Former Prime Minister Ljubco Georgievski claims that between to 20 of the cases initiated by the Special Prosecutor’s Office, were being used for racketeering. The much lauded institution, created under international pressure, is now imploding after Special Prosecutor Katica Janeva was arrested on charges of extorting millions from businessmen she was prosecuting.
When the SPO had its mandate expire, suddenly we saw a group of intellectuals, media outlets, experts, who claimed that the SPO can still continue pressing new charges. The Supreme Court found against the SPO, and this group turned on the court as well. And this led to a situation when the SPO deliberately compromised itself with 15 to 20 new charges which could have easily been initiated by the OJO office of state prosecutors. These cases were used by the SPO for racketeering. I have a feeling that there were many more companies that were extorted than just the Orce Kamcev company, Georgievski said.
He pointed to two cases in particular – the Postal Bank, which goes back to the days when Georgievski’s Government allowed private companies to work with the state owned bank to turn it around. Janeva filed charges against the companies involved and this led to widespread media speculation that she was extorting the company owners just as she did with Orce Kamcev who she charged with money laundering. This refers only to the financial extortion – most of Janeva’s cases had a clearly political goal – the removal of VMRO-DPMNE from power and persecution of Nikola Gruevski and his team, and it is apparently only later that she tried to cash in on her unchecked power.
The other, much larger case Georgievski mentioned, is the Deutsche Telekom bribery scandal in which the German company and its Hungarian subsidiary Magyar Telekom paid millions to top SDSM and DUI party officials in Macedonia in 2005 through Cyprus shell companies to get them to postpone the opening of the Macedonian telecommunications market to competition. The case was tried in the US under the corrupt foreign practices act and was eagerly taken over by Janeva as one of her very first acts in office. The case was expected to involve top DUI officials Ali Ahmeti and Musa Xhaferi, as well as former Prime Minister Vlado Buckovski and, judging by the US court documents, possibly President Branko Crvenkovski. But it quickly went nowhere under Janeva and according to Georgievski, she preferred to use it to extort money.

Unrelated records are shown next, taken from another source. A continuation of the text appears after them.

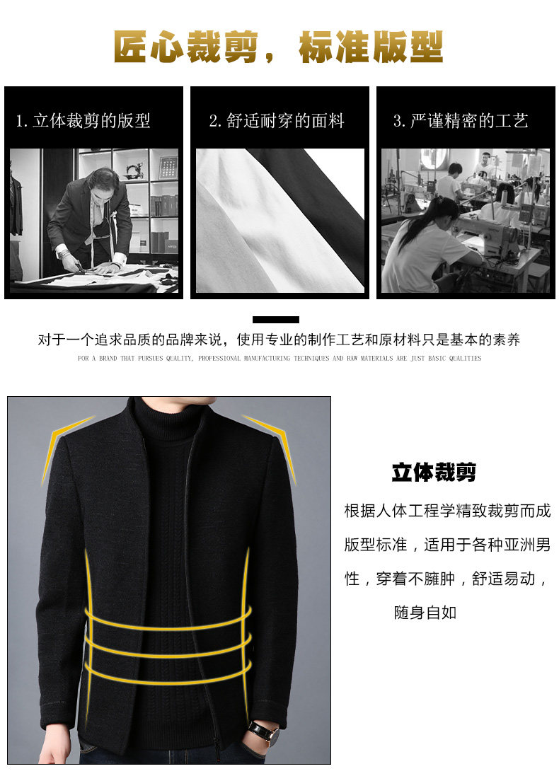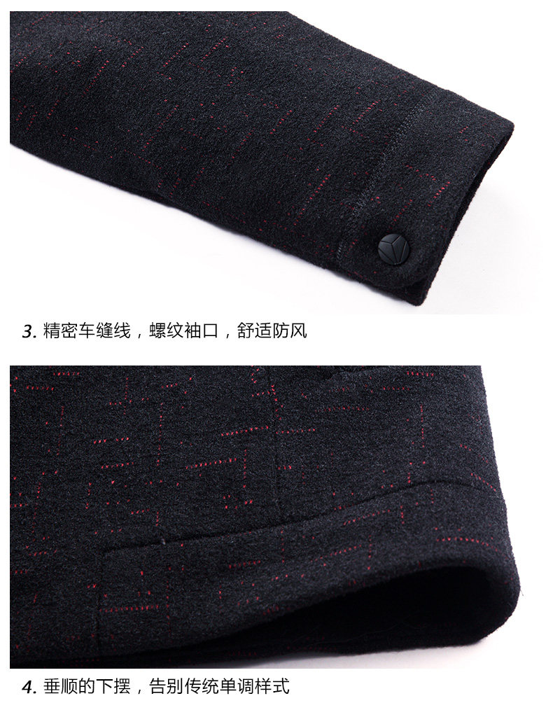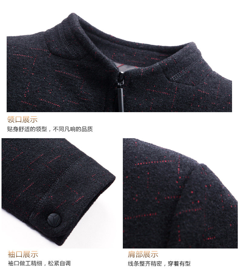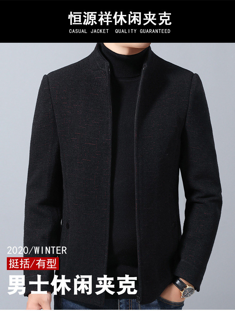 恒源祥 Мужское демисезонное шерстяное пальто, куртка, для мужчины среднего возраста, увеличенная толщина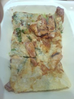 因为在旁边的那家瓢六吃好乌冬面以后出去兜了一圈,后来觉得又有点饿了,于是我同学给我推荐了这家,可以外带,正好一边看电影一边吃~他们家还是现做的,虽然要等一等,不过很不错哦@ 八爪鱼泡菜薄饼/15块,我同学给我推荐了三文鱼泡菜薄饼帮八爪鱼泡菜薄饼,不过我不大喜欢三文鱼,于是就选了八爪鱼~买好以后他帮你切好打包直接带走,因为坐下来吃的时候已经电影开始了,看不大清楚,所以匆匆拍了照片赶紧塞嘴巴。感觉是在饼上放了些泡菜+八爪鱼,还有些调料,味道不错,辣辣的,很开胃,三下五除二就被我干掉了,有机会的话一定要再试试看鱿鱼日式薄饼~…查看更多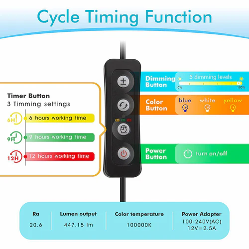 Esta luz marina regulable Hygger ofrece un espectro completo comprobado, que incluye luz UV, violeta, azul, roja, blanca y verde. La luz azul estimula la producción de vitamina D3, lo que ayuda a los corales a absorber calcio y a mostrar colores más brillantes. La luz UV fortalece los sistemas de defensa de las plantas, mientras que la luz violeta favorece el crecimiento saludable de los peces. Las luces blanca y roja aceleran el crecimiento de los corales. La luz proporciona una cobertura uniforme de espectro completo, creando hermosos efectos de iluminación para acuarios marinos.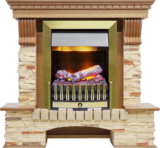 Каминокомплект Pierre Luxe - Дуб / Сланец с очагом Danville Antique Brass FB2
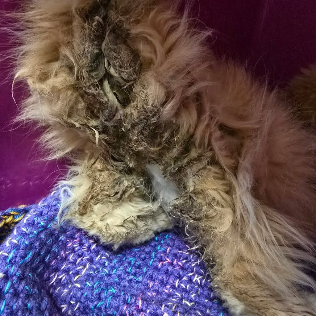 Komplett verfilzt und abgemagert.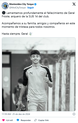 O time Montevideo City Torque lamentou a perda do jovem goleiro: “Acompanhamos seus familiares, amigos e colegas neste momento de tristeza para todos nós. Adeus, Geral”, publicou o clube.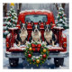 Bring dapper, friendly charm to your holiday season with this adorable Boston Terrier Christmas design! This festive scene features three alert, tuxedo-coated Boston Terriers sitting contentedly in the back of a classic red pickup truck, nestled in a picturesque snowy winter forest. The vintage truck is adorned with a vibrant Christmas wreath, twinkling with red and gold ornaments and warm, glowing lights. Soft snowflakes gently fall, enhancing the winter wonderland effect. A decorated Christmas tree in the background completes this heartwarming picture, making it an ideal Christmas gift for any Boston Terrier owner, dog lover, or admirer of festive and beloved dog art. This design perfectly captures the joyful spirit of the holidays.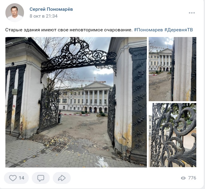 О тоске Пономарёва по родному краю свидетельствует и следующий пост на его странице «ВК». «Старые здания имеют свое неповторимое очарование», — пишет депутат.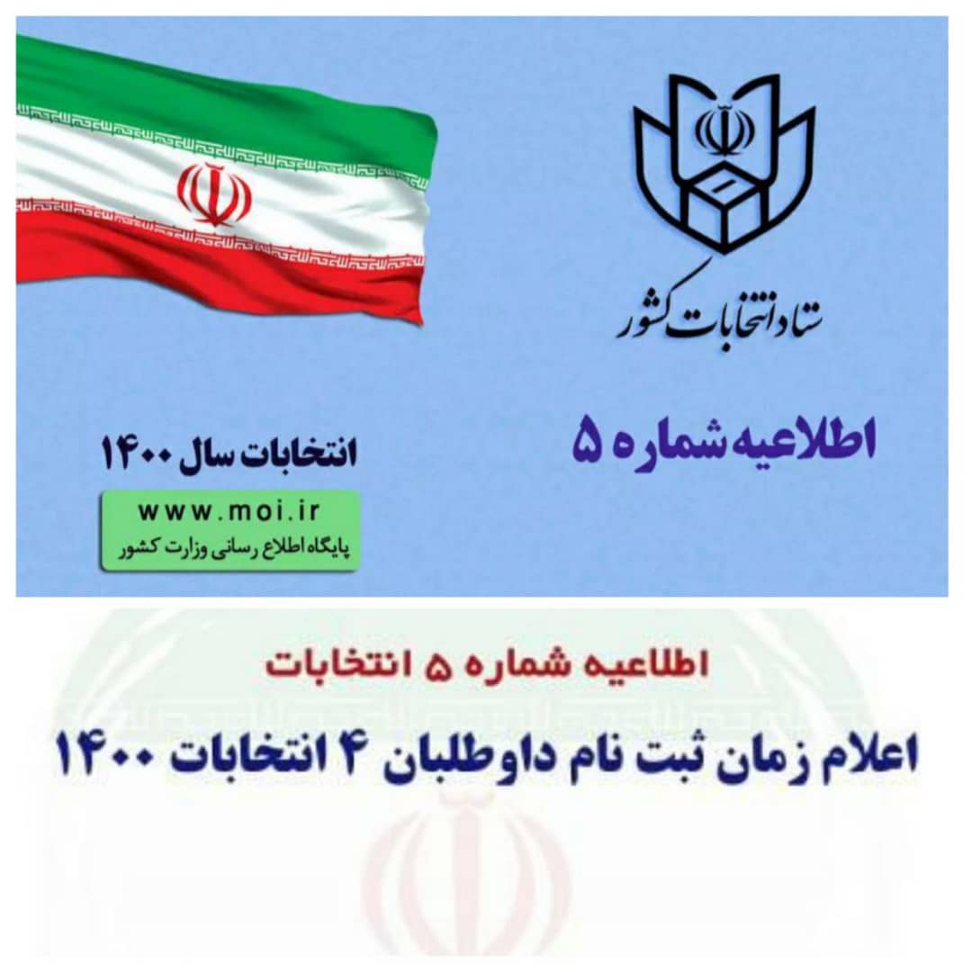اطلاعیه شماره (۵)  ستاد انتخابات کشور درباره ثبت نام داوطلبان انتخابات ریاست جمهوری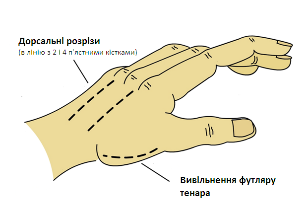 а. Пальмарний розріз зроблено між м’язами підвищення великого пальця та підвищення мізинця, відкриваючи зап’ястний канал наскільки це потрібно. б. Розріз проведено поперечно по складці згину кисті до ліктьової частини, далі лінію вигнуто по волярній зоні назад до ліктьової частини біля ліктя.

During his TV24 interview, Georgievski also discussed the proposal to greatly reduce the prison terms for abuse of office. Georgievski said that, after assuimg power in 1998, he wanted to go after his predecessor as Prime Minister Branko Crvenkovski, for the numerous clearly criminal sales of state owned companies and factories. The dark era of so-called “privatization” or “transition” in the 1990ies meant that overnight the Communist era managers of the companies became owners, often of greatly downsized companies and stripped them and sold the land or the buildings while firing the workers. Georgievski said that he was undermined in his plan by the fact that the legal requirement – the article forbidding “abuse of office” – was removed from the criminal code.

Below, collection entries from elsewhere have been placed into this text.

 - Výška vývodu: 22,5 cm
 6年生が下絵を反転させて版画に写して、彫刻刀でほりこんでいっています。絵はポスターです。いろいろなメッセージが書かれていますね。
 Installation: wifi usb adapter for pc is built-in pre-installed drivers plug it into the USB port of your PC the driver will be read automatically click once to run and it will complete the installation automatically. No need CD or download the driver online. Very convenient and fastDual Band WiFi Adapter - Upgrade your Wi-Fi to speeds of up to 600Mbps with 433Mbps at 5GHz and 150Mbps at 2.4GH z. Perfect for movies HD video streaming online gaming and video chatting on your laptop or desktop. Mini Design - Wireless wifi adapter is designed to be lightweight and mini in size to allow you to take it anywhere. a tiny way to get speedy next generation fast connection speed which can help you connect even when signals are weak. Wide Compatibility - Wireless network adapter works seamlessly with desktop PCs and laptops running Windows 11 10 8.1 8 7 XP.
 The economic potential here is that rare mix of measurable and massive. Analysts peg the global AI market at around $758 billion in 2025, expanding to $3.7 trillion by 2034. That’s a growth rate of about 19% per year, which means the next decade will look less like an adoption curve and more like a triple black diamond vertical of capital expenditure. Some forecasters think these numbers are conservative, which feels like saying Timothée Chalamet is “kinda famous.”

We no longer had article 353. It was in effect under Communism, but SDSM removed it and they did what they wanted for eight years. We re-introduced it to protect the country from corruption, Georgievski said. SDSM supporters insist that the proposal currently before the Constitutional Court will help mainly VMRO-DPMNE officials from the Nikola Gruevski administration, but it would also shield the currently outgoing Prime Minister Zoran Zaev, and those around him, given the numerous corruption scandals such as the Katica Janeva racketeering affair.
Ljubco Georgievski was VMRO-DPMNE leader and Prime Minister between 1998 and 2002. His term, which began with economic reforms and a strategic re-orientation of Macedonia toward the West was cut short by the 2000 wiretapping scandal – an affair very similar to the 2015 scandal – and the subsequent 2001 civil war. While nominally able to finish his term, Georgievski was forced into a broad coalition government with SDSM and was voted out in 2002. He accused the UBK intelligence service of engineering his overthrow and sparking a war in the process, a situation which largely repeated itself under Gruevski. Asked about the influence of the intelligence apparatus in Macedonian politics, Georgievski said that he asked his Interior Ministers Pavle Trajanov and Dosta Dimovska to begin the process of lustration – the opening of the secret police files to expose public figures who worked for the Communist era police. “Both assured me that the dossiers are destroyed”, Georgievski said. Gruevski began the process in 2012, and a number of high profile files were made public. “I was lied to, apparently the files were there”, Georgievski now concedes.